Алексей Хвостенко и Анри Волохонский. Тексты и контексты (страница 5)
– Четверть века я жил во Франции и много путешествовал по всему миру. Год назад митьки пригласили меня на свой фестиваль, но мне не дали визу. Я получил отказ потому, что во Франции до недавнего времени проживал в статусе политического беженца. А в той бумаге написано, что гражданин не может появиться ни в одной стране из бывшего Советского Союза. Теперь я от него отказался, так как Путин даровал мне российское гражданство. Спустя 26 лет указом президента нашего, господина Путина, мне дали русский паспорт. Я хотел бы поблагодарить от своего имени президента Путина, Владимира Владимировича, за этот великодушный поступок с его стороны. Были всякие приключения, когда я терял документы, но сейчас, надеюсь, проблем с этим больше не будет. В первую очередь я приехал сюда, чтобы повидать своих близких друзей и внуков. Один из них у меня, оказывается, от Толи Герасимова. Зовут его Алексей, и родился он в тот же день, что и я, 14 ноября. Вырастет, как и я, Скорпионом.

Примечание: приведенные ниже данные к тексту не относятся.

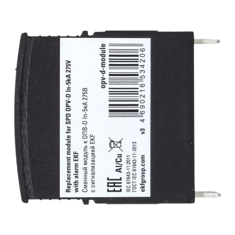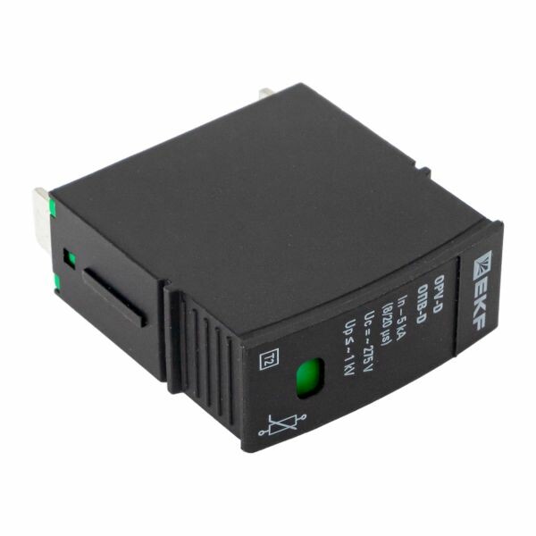Сменный модуль к ОПВ EKF предназначен для замены вышедшего из строя варисторного модуля ОПВ. Сменный модуль представляет собой варистор, сопротивление которого изменяется в зависимости от приложенного напряжения: в нормальном состоянии ток через варистор предельно мал и сопротивление велико, а при возникновении перенапряжения сопротивление варистора мгновенно уменьшается на несколько порядков, соответственно, возрастает сила тока и происходит сброс импульсного перенапряжения.

– Что вы сейчас читаете, смотрите?
– Сегодня беллетристики я практически не читаю. Только энциклопедические издания, которые нужны для моей работы. Словари, энциклопедии, антологии. Я не очень люблю кино. Но мне удалось посмотреть на Западе несколько очень неплохих театральных постановок. Мне говорили, что в Москве сейчас очень оживленная театральная жизнь. В Париже я посмотрел с большим удовольствием постановку Анатолия Васильева «Амфитрион», для которой мой приятель Камиль Чалаев написал и исполнил прямо на сцене музыку.
– Сейчас многие художники стали писателями – Воробьев, Гробман.

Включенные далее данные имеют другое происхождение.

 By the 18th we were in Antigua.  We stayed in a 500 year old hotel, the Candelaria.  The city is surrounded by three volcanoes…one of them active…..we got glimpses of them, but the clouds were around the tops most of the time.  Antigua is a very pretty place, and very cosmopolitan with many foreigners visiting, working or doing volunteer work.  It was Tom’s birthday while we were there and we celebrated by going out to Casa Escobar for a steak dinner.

– Не удается читать, не успеваю. Гробмана я много читал стихов. В последний год пишу автобиографический роман46, не знаю, когда его закончу. Буду писать, пока рука держит перо или карандаш. А как еще писать автобиографический роман?
– Надо книгу стихов собрать!
– Я кое-что отдал в Пушкинский фонд в Питере, они хотят вроде книжку сделать. Материала вообще много, и драма, и проза, и поэзия. Опубликована, наверное, двадцатая часть. Но куда торопиться? Вот я дал Коле Охотину из ОГИ свои альбомы отсканировать, и куда-то он исчез. А он мне должен и книжку, и деньги за нее!

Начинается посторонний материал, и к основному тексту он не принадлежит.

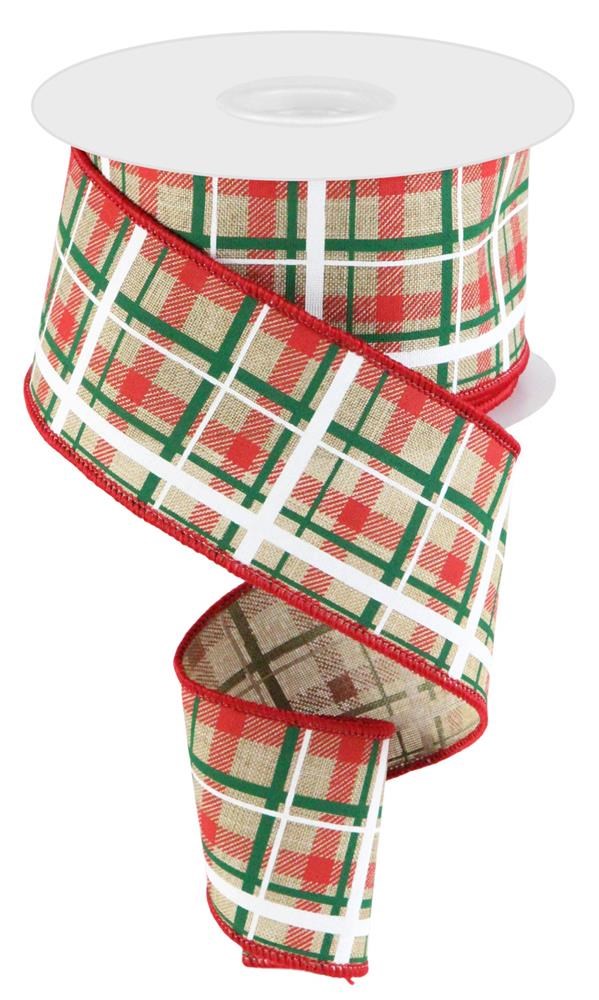 Add This Versatile Printed Plaid/Royal Burlap Ribbon To Any Display You See Fit! This Ribbon Features A Wired Edge, Along With A Light Beige, Red, Emerald And White Plaid Pattern, Making It An Adaptable Addition To Any Decorative Piece Of Your Choosing.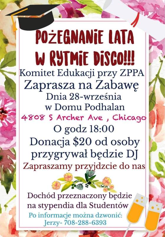 Komitet Edukacji przy ZG ZPPA serdecznie zaprasza na zabawę 28 września br. do Domu Podhalan. Rozpoczęcie o godz. 6: 00 wieczorem. Donacja 20$ od osoby. Zabawę poprowadzi DJ. Dochód przeznaczony będzie na stypendia dla studentów.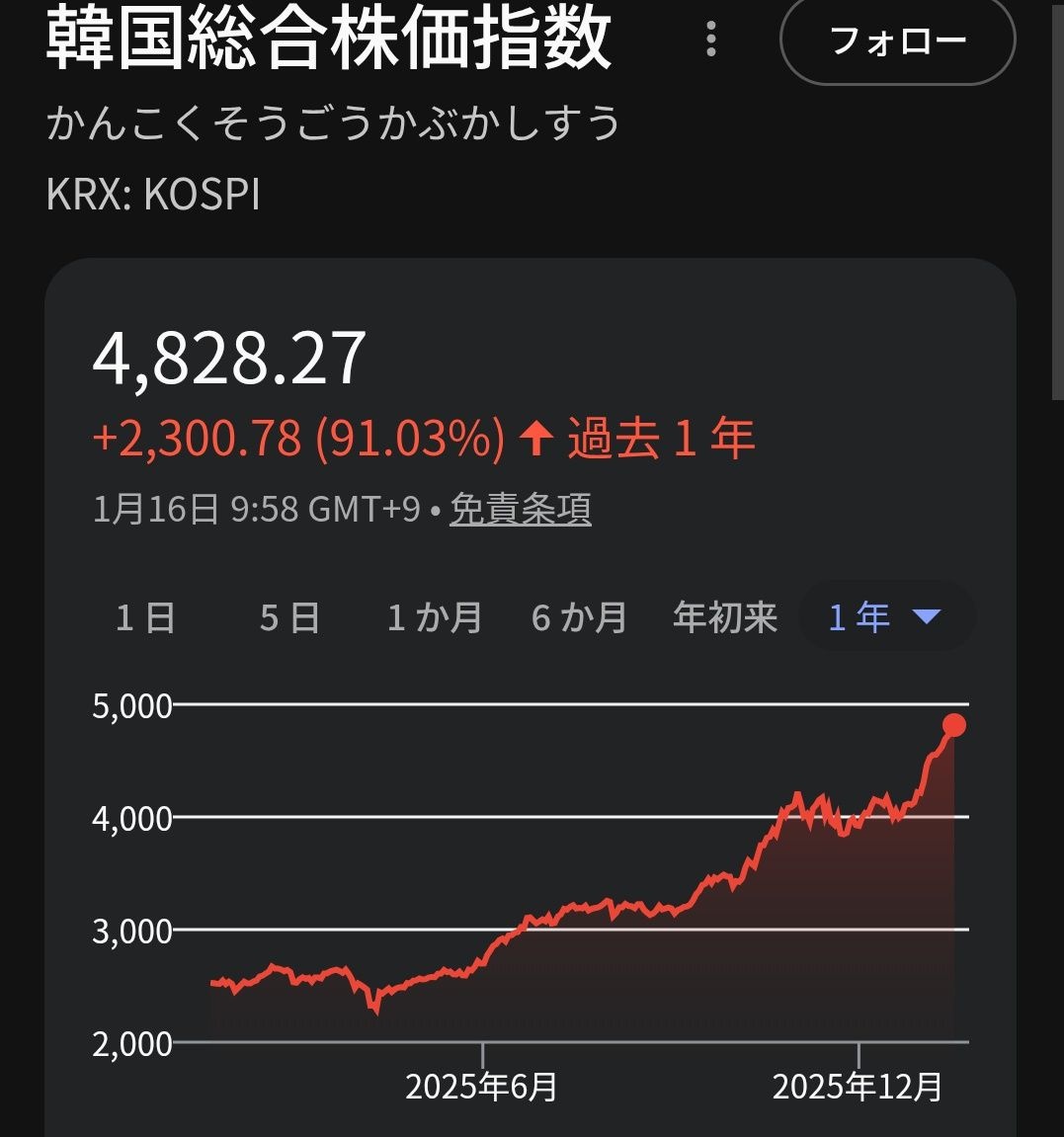 もっと言えば韓国人の中でも産業偏りまくってる自国の株買いたくないやつはよく日本株買ったりもしてる エニカラーとか割と人気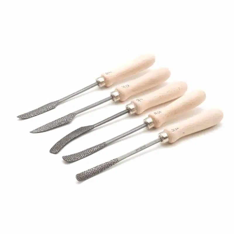 De handgesmede en handgekapte rasp is voorzien van een houten heft en wordt geleverd in de maat 15  of 25 cm. De rasp is geschikt voor het bewerken van zachte en middelharde steensoorten en hout. Leverbaar in 5 modellen.

– Можно публиковать частями.
– Я это, в общем, и собираюсь сделать. В «Новый мир» Юра Кублановский взял подборку стихов. Может, напечатал уже?47
– Антона Козлова читали?
– Я читал стихи Антона Козлова. Неплохие, но непроникновенные стихи. Не цепляют.
– Аудитория у поэта всегда меньше, песни слушают многие.
– Это верно. Я так умею зашифровать свои стихи, что никто не догадается, про что они написаны. Но это не самоцель. Я могу это сделать, но не стремлюсь к этому. Я стремлюсь к абсолютной доступности своих стихов. Другое дело, что стремлюсь я и к расширению смысла, и к сближению понятий, далеких друг от друга, и это не всегда становится понятным. И читателю придется потрудиться, чтобы понять мои тексты.
– Как вы открыли свой клуб на рю де Паради?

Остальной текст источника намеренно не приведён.